Re: [HACKERS] 6.5.0 - Overflow bug in AVG( )

Float8 accumulator seems to be a good solution if AVG is limited to
int/float types. I wonder if it could produce system dependency in AVG due
to rounding errors. Some broader solution should be considered though if you
want AVG to work on numeric/decimal as well.

The implementation can be specified for each datatype individually, so
that's not a problem. afaik the way numeric/decimal work it would be
fine to use those types as their own accumulators. It's mostly the
int2/int4/int8 types which are the problem, since they silently
overflow (on most machines?).

- Thomas

--
Thomas Lockhart lockhart@alumni.caltech.edu
South Pasadena, California

Noname

wieck@debis.com

over 26 years ago

In reply to: Thomas Lockhart (#2)

Re: [HACKERS] 6.5.0 - Overflow bug in AVG( )

Thomas Lockhart wrote:

[PostgreSQL 6.5.0 on i386-unknown-freebsd3.2, compiled by gcc 2.7.2.1]
test1=> select count(*), max("ID"), min("ID"), avg("ID") from "ItemsBars";
count| max| min| avg
------+-------+-----+----
677719|3075717|61854|-251
(1 row)
Overflow, perhaps?

Of course. These are integer fields? I've been considering changing
all accumulators (and results) for integer aggregate functions to
float8, but have not done so yet. I was sort of waiting for a v7.0
release, but am not sure why...

Wouldn't it be better to use NUMERIC for the avg(int) state
values? It will never loose any significant digit.

Jan

#======================================================================#
# It's easier to get forgiveness for being wrong than for being right. #
# Let's break this rule - forgive me. #
#========================================= wieck@debis.com (Jan Wieck) #

Thomas Lockhart

lockhart@alumni.caltech.edu

over 26 years ago

In reply to: Noname (#5)

Re: [HACKERS] 6.5.0 - Overflow bug in AVG( )

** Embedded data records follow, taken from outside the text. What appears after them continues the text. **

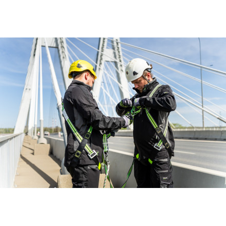 Varnostni pas GREKON z dvema pritrdilnima točkama je idealen za delo na višini, zagotavlja maksimalno zaščito in udobje.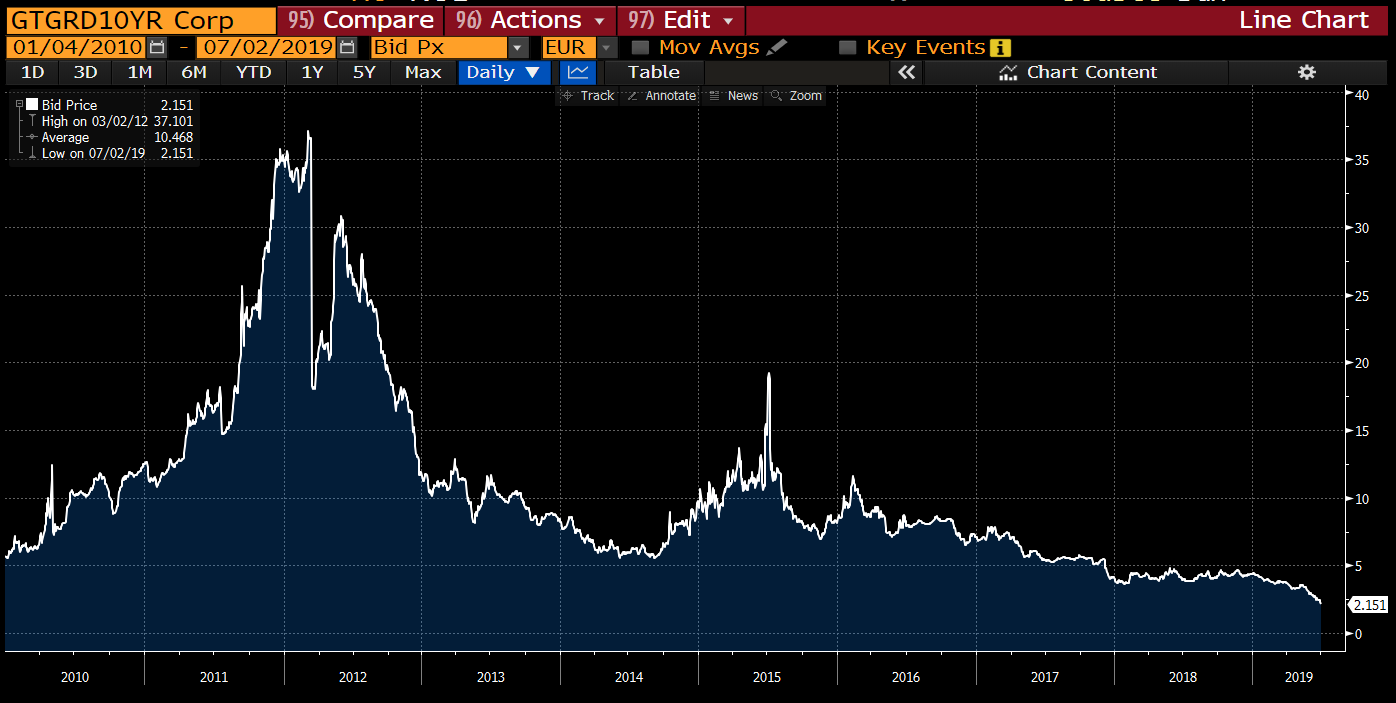 Την Τρίτη η απόδοση του ελληνικού 10ετούς ομολόγου πλησίαζε όλο και περισσότερο το 2%. Μετά το μεσημέρι διαμορφωνόταν σε νέο ιστορικό χαμηλό στο 2,11% με πτώση 25 μονάδων βάσης.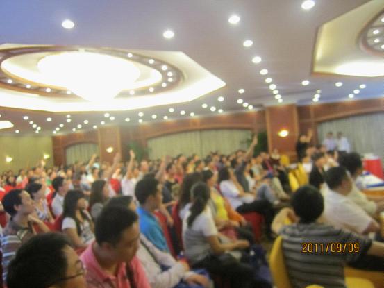 朋友到场,酒店方已无凳子可加,青山公司当即购买了50个凳子,充分利用每一处空间,有些后到的朋友是站着听课的。经会后确认,此次到会的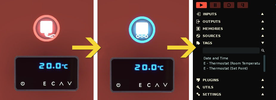 Connect I/O can be used as a SoftPLC to control directly Home I/O. Alternatively, it can be used as an interface with external technologies, allowing Home I/O to be easily connected to PLC, microcontrollers, Modbus, among many others technologies.

Of course. These are integer fields? I've been considering changing
all accumulators (and results) for integer aggregate functions to
float8, but have not done so yet. I was sort of waiting for a v7.0
release, but am not sure why...

Wouldn't it be better to use NUMERIC for the avg(int) state
values? It will never loose any significant digit.

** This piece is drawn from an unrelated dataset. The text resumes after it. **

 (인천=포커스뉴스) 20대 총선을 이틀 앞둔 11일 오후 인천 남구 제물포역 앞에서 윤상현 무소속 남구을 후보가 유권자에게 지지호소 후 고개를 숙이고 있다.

Sure. It would be fast, right? avg(int) is likely to be used a lot,
and should be as fast as possible.

- Thomas

--
Thomas Lockhart lockhart@alumni.caltech.edu
South Pasadena, California

Tom Lane

tgl@sss.pgh.pa.us

over 26 years ago

In reply to: Thomas Lockhart (#6)

Re: [HACKERS] 6.5.0 - Overflow bug in AVG( )

"Gene Sokolov" <hook@aktrad.ru> writes:

test1=> select count(*), max("ID"), min("ID"), avg("ID") from "ItemsBars";
count| max| min| avg
------+-------+-----+----
677719|3075717|61854|-251

Overflow, perhaps?

sum() and avg() for int fields use int accumulators. You might want
to use avg(float8(field)) to get a less-likely-to-overflow result.

Someday it'd be a good idea to revise the sum() and avg() aggregates
to use float or numeric accumulators in all cases. This'd require
inventing a few more cross-data-type operators...

regards, tom lane

Import Notes

Reply to msg id not found: YourmessageofWed16Jun1999104139+040018a101beb7c34a0aa5700d8cdac3@aktrad.ru | Resolved by subject fallback

Tom Lane

tgl@sss.pgh.pa.us

over 26 years ago

In reply to: Tom Lane (#7)

Re: [HACKERS] 6.5.0 - Overflow bug in AVG( )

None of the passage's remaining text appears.